For equal subspace dimensions splitting, the parameter d must be divisible by M.

In this case, the number of bytes required to store a single vector equals $\lceil\frac{M * nbits}{8}\rceil$. As we can see, for more efficient memory usage the value of M * nbits should be divisible by 8.

In [31]:
M = 4 # number of splits for each vector
nbits = 8 # each cluster ID is encoded by 8 bits

assert dim % M == 0
index = faiss.IndexPQ(dim, M, nbits)

In [32]:
assert not index.is_trained
index.train(embeddings)

assert index.is_trained
index.add(embeddings)

In [34]:
k = 3
queries = ['I am reading an interesting book', 'I want to buy a car']
embedded_queries = embed(model, sentences=queries)

In [37]:
distances, indices = index.search(embedded_queries, k)
print_results(queries, distances, indices, sentences)


Query: I am reading an interesting book
1. Distance = 256.84. This article reads like satire.
2. Distance = 258.87. Both doctor and patient bear some responsibility for successful care.
3. Distance = 258.87. The attorney bears some responsibility for successful care.

Query: I want to buy a car
1. Distance = 127.45. Musk decided to offer up his personal Tesla roadster.
2. Distance = 127.45. Musk decided to offer up his personal car.
3. Distance = 127.45. Musk decided to offer up his personal yacht.


# Performance comparison
We are going to measure how much time it takes to find the nearest neighbour (k = 1) for 1000 queries for described indexes for different dataset sizes.

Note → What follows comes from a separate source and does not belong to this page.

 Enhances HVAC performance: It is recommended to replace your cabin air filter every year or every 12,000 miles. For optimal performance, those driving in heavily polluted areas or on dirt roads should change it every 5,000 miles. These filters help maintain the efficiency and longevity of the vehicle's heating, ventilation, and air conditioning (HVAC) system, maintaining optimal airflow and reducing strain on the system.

This will also allow us to see how these algorithms scale on large data.

In [72]:
dim = 100
k = 1
dataset_sizes = [int(size) for size in np.linspace(5000, 100000, 39)]

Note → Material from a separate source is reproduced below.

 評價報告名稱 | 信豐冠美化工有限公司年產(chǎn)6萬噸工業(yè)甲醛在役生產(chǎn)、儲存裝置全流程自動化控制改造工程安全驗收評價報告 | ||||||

# values consist of an index class and constructor parameters that will be used to initialise an index
indexes = {
    'IndexFlatIP': (faiss.IndexFlatIP, (dim,)),
    'IndexFlatL2': (faiss.IndexFlatL2, (dim,)),
    'IndexIVFFlat': (faiss.IndexIVFFlat, (faiss.IndexFlatL2(dim), dim, 50,)), # 50 regions
    'IndexPQ': (faiss.IndexPQ, (dim, 4, 8,)) # 4 subspaces each containing 2**8 = 256 clusters
}

In [78]:
df_speed = pd.DataFrame(columns=['index_type', 'dataset_size', 'training_time', 'inference_time'], index=range(len(dataset_sizes) * len(indexes)))

i = 0
for dataset_size in tqdm(dataset_sizes):
    for index_type, index_params in indexes.items():
        dataset = np.random.randn(dataset_size, dim)
        index_class, params = index_params
        params = [deepcopy(param) for param in params]
        index = index_class(*params)

        if not index.is_trained:

            # measure training time
            start = time.time()
            index.train(dataset)
            end = time.time()
            training_time = end - start

        else:
            training_time = 0

        index.add(dataset)
        query = np.random.randn(1000, dim)

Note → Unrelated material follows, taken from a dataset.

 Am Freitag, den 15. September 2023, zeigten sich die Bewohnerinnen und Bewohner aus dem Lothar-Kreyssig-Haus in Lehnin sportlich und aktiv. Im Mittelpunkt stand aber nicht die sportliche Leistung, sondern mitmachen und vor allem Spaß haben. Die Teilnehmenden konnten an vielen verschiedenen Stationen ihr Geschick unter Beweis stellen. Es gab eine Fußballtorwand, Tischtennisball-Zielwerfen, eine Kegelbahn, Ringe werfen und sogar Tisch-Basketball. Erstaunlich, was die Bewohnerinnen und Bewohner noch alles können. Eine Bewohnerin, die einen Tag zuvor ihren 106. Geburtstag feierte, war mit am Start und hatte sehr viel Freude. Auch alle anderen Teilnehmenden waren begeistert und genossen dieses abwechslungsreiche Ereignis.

        # measure inference time
        start = time.time()
        index.search(query, k)
        end = time.time()
        inference_time = end - start

        df_speed.loc[i, 'index_type'] = index_type
        df_speed.loc[i, 'dataset_size'] = dataset_size
        df_speed.loc[i, 'training_time'] = training_time
        df_speed.loc[i, 'inference_time'] = inference_time

        i += 1

In [76]:
fig = px.line(df_speed, x='dataset_size', y='training_time', color='index_type',
              title='Training time for datasets of different sizes',
              labels=dict(dataset_size='Dataset size', training_time='Time (s)', index_type='Index'))
fig.show()

*IndexFlatL2* and *IndexFlatIP* do not require any training phase. For *IndexIVFFlat* trains very fast and scales very efficiently. *IndexPQ* requires more training time because under the hood it trains several cluster algorithms.

In [77]:
fig = px.line(df_speed, x='dataset_size', y='inference_time', color='index_type',
              title='Inference search time for datasets of different sizes',
              labels=dict(dataset_size='Dataset size', inference_time='Time (s)', index_type='Index'))
fig.show()

As we can see, *IndexFlatIP* and *IndexFlatL2* scale linearly as the dataset size increases. As expected, both algorithms have a similar performance. However, the situation is different with *IndexIVFFlat* and *IndexPQ* which search neighbours more efficiently and scale better.